A SIKH NEVER does NINDA..and also NEVER shies away from speaking the TRUTH.
Now a days..Sikhs ahve been so conditioned and mind controlled brainwashed...even the TRUTH...speaking the TRUTH..exposing LIES and Falsity..is named "Ninda"...Dont do Ninda.. Guru Ji aapeh smbhalooga...what utter Nonsense...a SIKH must be brave and FACE up to REALITY.

The cartoon is 110% TRUTH and REALITY. It shows what SIKHS hold in IMPORTANCE today..what is really DRIVING them..what is their TOP PRIORITY. Telling this TRUTH..exposing this Reality cannot be called Nindaya..or showing Disrespect to religion, gurbani, panj kakaars, jathedars, srm or our Guru. IF Guur nanak ji were to see this..He woudl speak up a sHe did to Babar, the Kazis and the Mullahs and the pandits..TO THEIR FACE.

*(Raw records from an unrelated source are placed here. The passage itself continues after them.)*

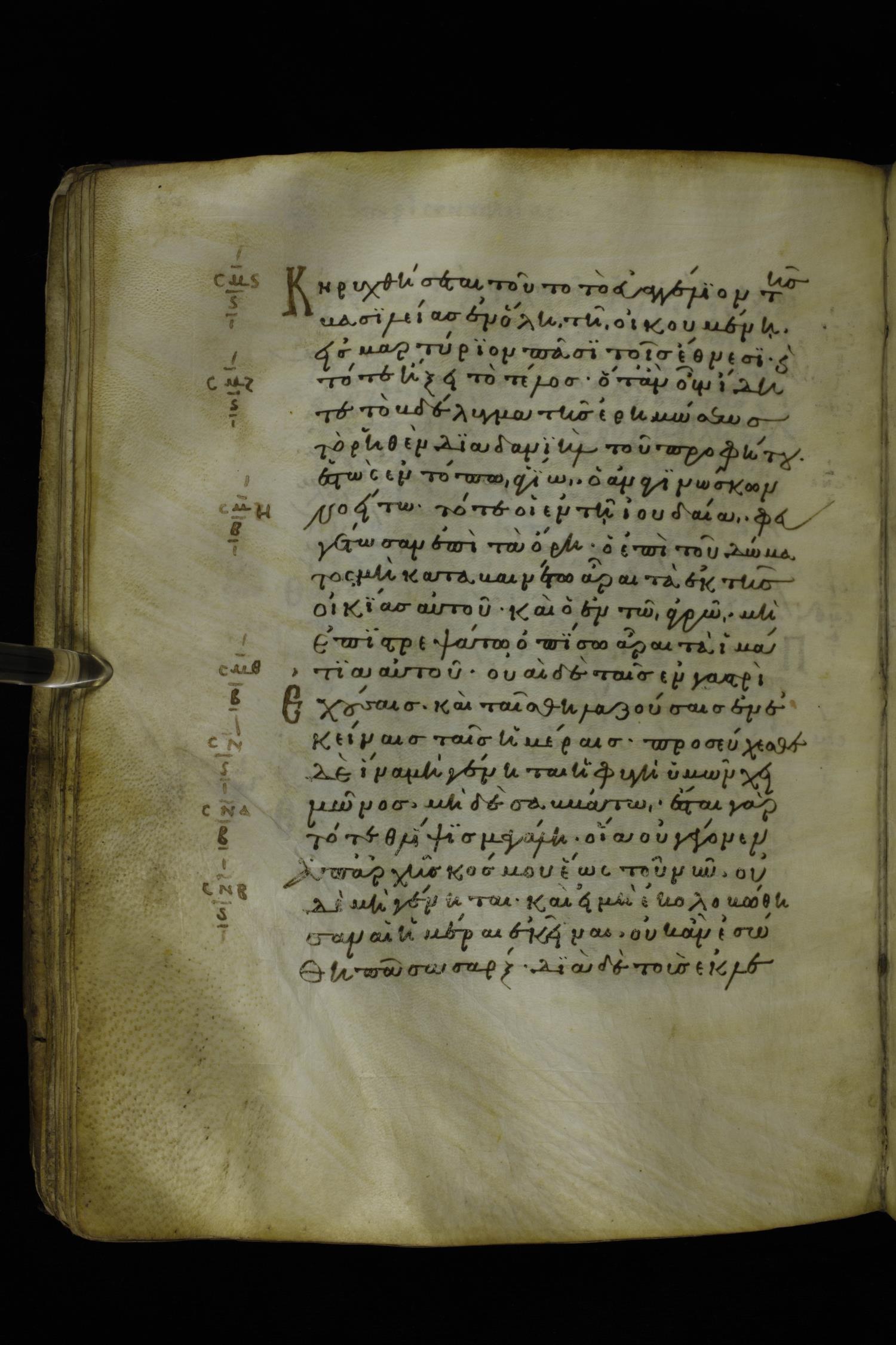 Twelfth century minuscule of the Gospels on parchment; 277 leaves, 1 column, 22 lines per column. Images were taken at the National Library of Greece in Athens.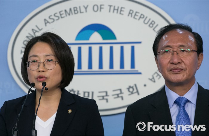 (서울=포커스뉴스) 29일 오후 서울 여의도 국회 정론관에서 미래창조과학방송통신위원회 재배정을 요구하며 농성에 들어갔던 추혜선(왼쪽) 정의당 의원과 노회찬 원내대표가 농성을 해제하고 외교통일위원회 배정을 받아들이는 내용의 기자회견을 하고 있다.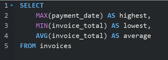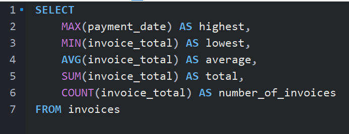 MAX, MIN, AVG, SUM, COUNT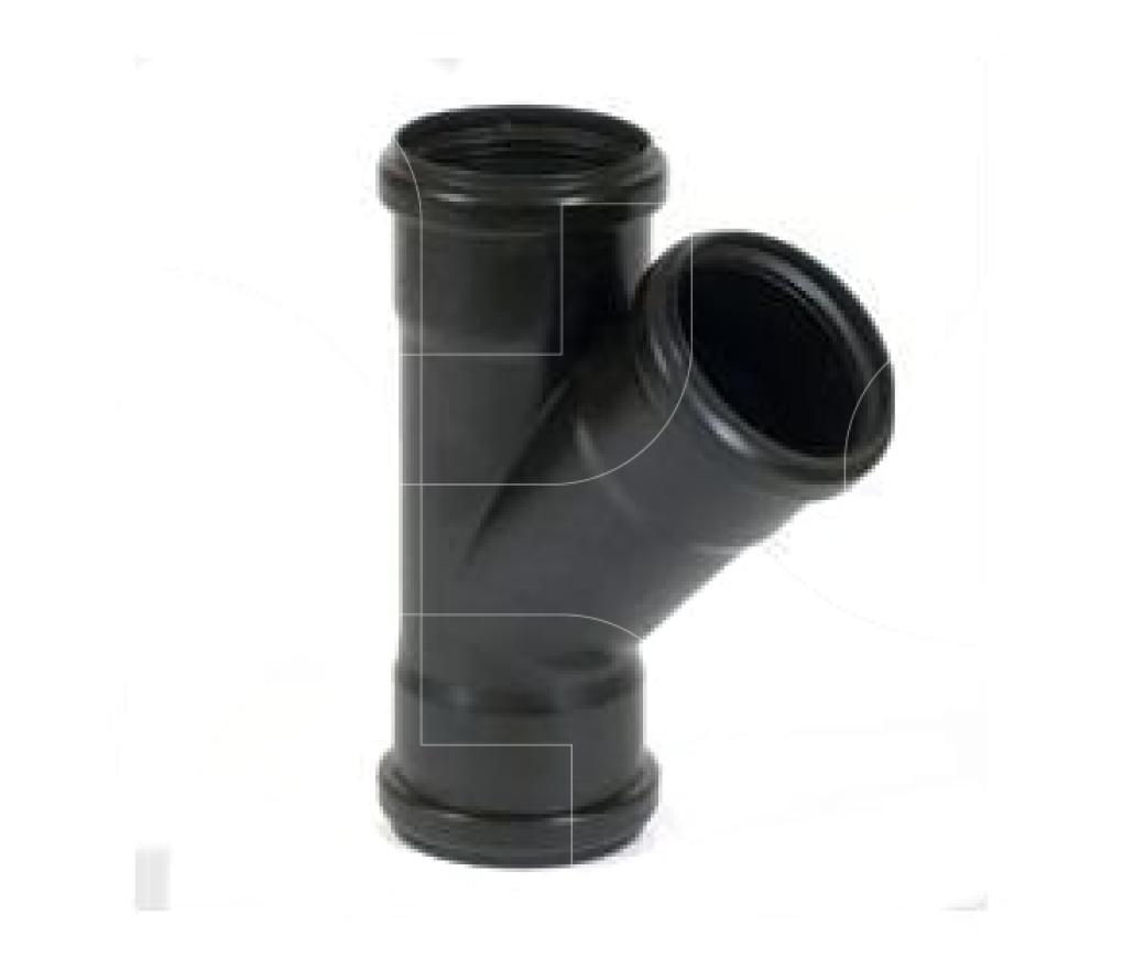PP verloop T-stuk zwart met aan 3 zijden een manchet aansluiting.

The sooner we face up to the ROT..the faster we can REMEDY IT..the Longer we keep our face in the SAND..the faster we reach oblivion...


----------



## Gyani Jarnail Singh (Aug 15, 2009)

OK. Before soemone does ask me..the Sakhi of the Ghorra lidd and the raja..for thsoe who may have not heard of it...
In India it is an accepted "fact" that what one "donates"..is dubled tripled manyfold...accordingly...
The sakhi goes like this.. A stable hand was busy in the stables, when a SADHU came by and asked him for some "donation". The man replied..later..cnat you see i am busy... The Sadhu replied..no please give soemthing right now..this angered the man and he scooped up a load of Horse manure and put it in the sadhus outstretched lap. The Sadhu said Thanks and went away. He reached his ashram in the Forest and placed the manure outside his hut and sat down to meditate.
Yeras passed...somehow the Stable Hand had a turn of fortune and he became the KING of the land. One day he rode off into the Forest on a hunt and having reached deep inside he saw a huge MOUNTAIN of Horse manure and a hut with a very old sadhu sitting beside it. He got down, namskar to the sashu and asked..what is this mountian of horse-**** doing here ? OH..its the Donation of a Raja of this Land..its growing day by day. And what will happen then..asked the raja..OH nothing much..the Raja will have to EAT it..when the time coems !! The raja was horrified...whats the alternative ?? he begged the sadhu..OH the alternative is to make OTHERS EAT IT. How do i do that ?..OH..as soon as people begin DOING NINDA of YOU...they will begin to EAT it. BUT i have no bad habits, nothing people would have to do ninda about me..said the raja becoming sad...Only I will ahve to eat it..OH dont worry about that...said the sadhu..coem closer..i will tell you how. So the sadhu whispered..and the Next day, the Raja appeared in his town "drunk"...with two or three known prostitutes on hsi arms..swaggering through the bazaars.. as soon as the people saw this..tongues began to wag....and the MOUNTAIN of HORSESHI_T began to subside..( The HorseSHI_T was subsiding..becasue GENUINE NINDA was beign done..as the Raja was simply PRETENDING to be drunk and promiscous ( he wasnt really bad or sinning !!) But the people didnt KNOW the TRUTH..so they were spreading FALSEHOOD...NINDA...and eating SHI_T.
In a matter of days..the mountain disappeared and ONLY the ORIGINAL DONATION remained...why is this not disappearing ?? OH this is the CAPITAL SUM..and that ONLY YOU must EAT...so the raja took it home..dried it..and began to eat it bit by bit as a "spice" sprinkled on his food daily !!!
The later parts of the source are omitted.